Parkinson: Svelato il Caos dei Neurotrasmettitori (e Come Fermarlo?)
Ciao a tutti! Oggi voglio portarvi con me in un viaggio affascinante nel cervello, per esplorare alcuni meccanismi nascosti dietro una malattia complessa come il Parkinson. Non vi parlerò della mia storia personale, ma di scoperte scientifiche che aprono spiragli di speranza e ci fanno capire meglio cosa succede a livello microscopico.
Il Parkinson, lo sappiamo, è spesso definito come un disturbo del movimento causato dalla morte dei neuroni che producono dopamina in una specifica area del cervello, la substantia nigra pars compacta (SNpc). In pochi anni dalla diagnosi, i marcatori di questi neuroni nello striato (l’area bersaglio) quasi scompaiono. Eppure, una parte dei neuroni della SNpc resiste, e terapie come la L-DOPA, che rimpiazza la dopamina mancante, funzionano contro i sintomi motori. Questo ci dice che c’è ancora margine per recuperare funzionalità.
Il problema è che nessuna terapia attuale rallenta o ferma la progressione della malattia. E poi ci sono tutti quei sintomi non motori che compaiono anni prima – disturbi del sonno REM, perdita dell’olfatto, stipsi, cambiamenti d’umore, declino cognitivo – che non rispondono alla L-DOPA. Questo perché il Parkinson non colpisce solo i neuroni dopaminergici; coinvolge molte altre popolazioni neuronali e neurotrasmettitori, come il glutammato, l’acetilcolina, la noradrenalina.

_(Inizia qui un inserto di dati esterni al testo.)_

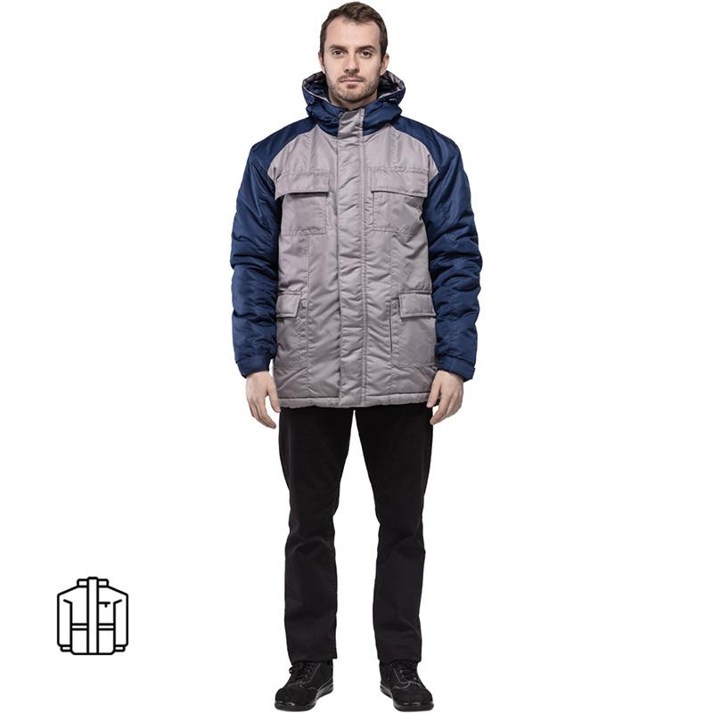 Спецодежда зимняя куртка з41-КУ изготовлена из ткани 'Таслан', имеющей специальную защитную пропитку PU, которая придает ткани водонепроницаемые и ветрозащитные свойства, а так же покрытие ткани составом WR, который отталкивает влагу, позволяя ей скатываться по поверхности изделия. Сочетание пропитки PU и WR приводит к низкой водопропускающей способности ткани. Плотность ткани 135 г/кв.м, состав 100% пэ. Утеплитель - синтепон - 200 г/кв.м. Основной цвет изделия серый, отделочный - темно-синий.Куртка мужская утепленная, с капюшоном, с центральной застежкой на молнию, с ветрозащитной планкой. Куртка имеет четыре нагрудных кармана - два с клапаном на кнопках и два прорезных на молнии, четыре боковых кармана - два с клапаном на кнопках и два прорезных на молнии, и два внутренних кармана - один накладной на липучке и один прорезной на молнии. Капюшон несъемный, состоит из трех частей, с внутренней стороны капюшона понизу проходит планка из основной ткани. Капюшон регулируемый шнуром-резинкой и фиксаторами. Рукава трехшовные, втачные, с манжетой на резинке и патой на липучке. Полочки, спинка и притачные подборта выполнены из основной ткани. Кокетки, рукава и боковые части капюшона выполнены из отделочной ткани. По низу куртки проходит отделочная планка. Низ куртки регулируется при помощи шнура-резинки и фиксаторов. Рекомендуется ли использования в сельском хозяйстве. ГОСТ 25295-2003. Коллекция зимней рабочей одежды з41 представлена куртками з41-КУ в синем цвете с красной отделкой и серого цвета с синими элементами отделки.

Il Crocevia dello Striato: Dove Tutto Converge
Un punto cruciale dove tutti questi segnali si incontrano sono i neuroni spinosi di proiezione (SPN) dello striato dorsolaterale. Immaginateli come dei centralinisti che ricevono chiamate (segnali) dal glutammato (proveniente dalla corteccia e dal talamo) e dalla dopamina (dalla SNpc) per decidere quali azioni compiere. Un equilibrio delicato.
Ma cosa succede se questo equilibrio si rompe? Troppo glutammato o troppa dopamina nello striato possono diventare tossici, quasi come un sovraccarico di informazioni che manda in tilt il sistema. Alcuni pensano che questo “stress” iniziale possa essere la causa della degenerazione che poi risale fino a colpire selettivamente i neuroni dopaminergici.

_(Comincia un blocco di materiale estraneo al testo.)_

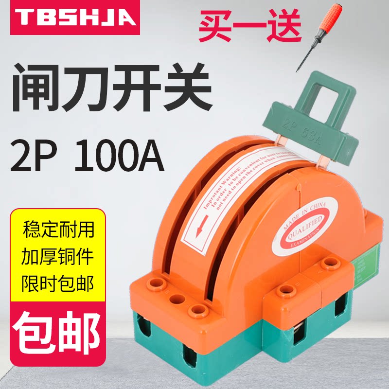 Two-way switch knife switch household 220V dual power switch switch switch gate 2P100A double-throw reverse switch knife switch

Un Modello Animale per Capire le Fasi Iniziali
Per studiare queste fasi precoci, abbiamo lavorato con un modello animale molto interessante: topi “knock-in” (VKI) che esprimono una variante genetica umana, la VPS35 D620N, legata a una forma di Parkinson autosomica dominante ad esordio tardivo, molto simile a quella idiopatica (la forma più comune). VPS35 è parte di un complesso chiamato retromero, fondamentale per il riciclo di proteine nelle cellule, incluse quelle importanti per le sinapsi (i punti di contatto tra neuroni).

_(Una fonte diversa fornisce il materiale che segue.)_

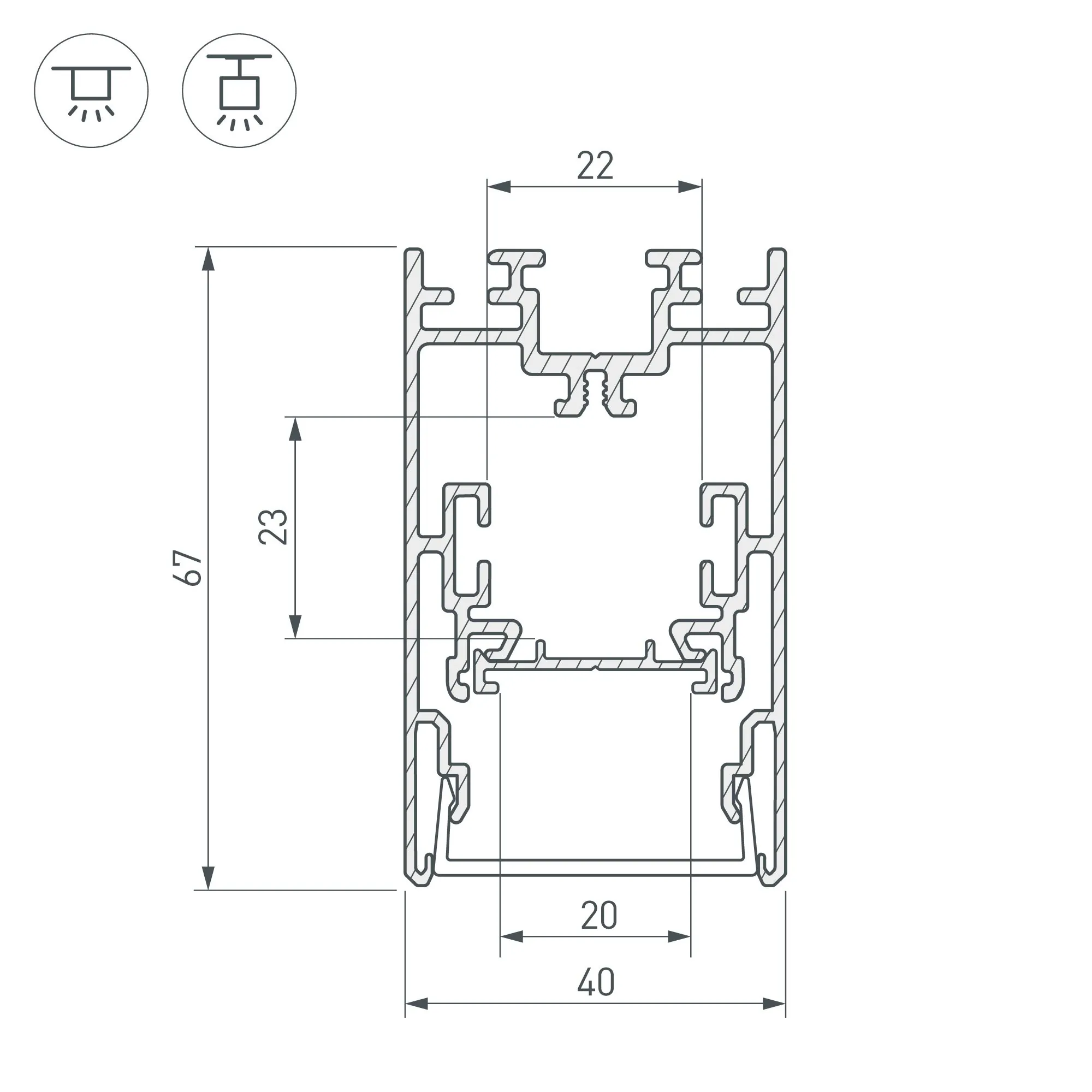 Артикул: 021172; Бренд: Arlight; товарная группа: профиль; Назначение: Для прямоугольных светильников; Тип крепления: Накладной / Подвесной / Встраиваемый; Цвет: Серебристый; Гарантия, мес: 24; Длина, мм: 2500; Ширина, мм: 40; высота: 67

Questi topi VKI sviluppano patologie tipiche del Parkinson (come accumuli di proteina tau e perdita di neuroni nella SNpc) solo in età avanzata (oltre i 16 mesi), rendendoli perfetti per studiare cosa succede *prima* della degenerazione vera e propria. In studi precedenti, avevamo già notato un aumento della trasmissione del glutammato in colture cellulari di questi topi e un aumento del rilascio di dopamina in fettine di cervello di topi giovani. Questi cambiamenti erano associati a un’iperattività di un altro attore chiave nel Parkinson: l’enzima LRRK2 (Leucine-Rich Repeat Kinase 2).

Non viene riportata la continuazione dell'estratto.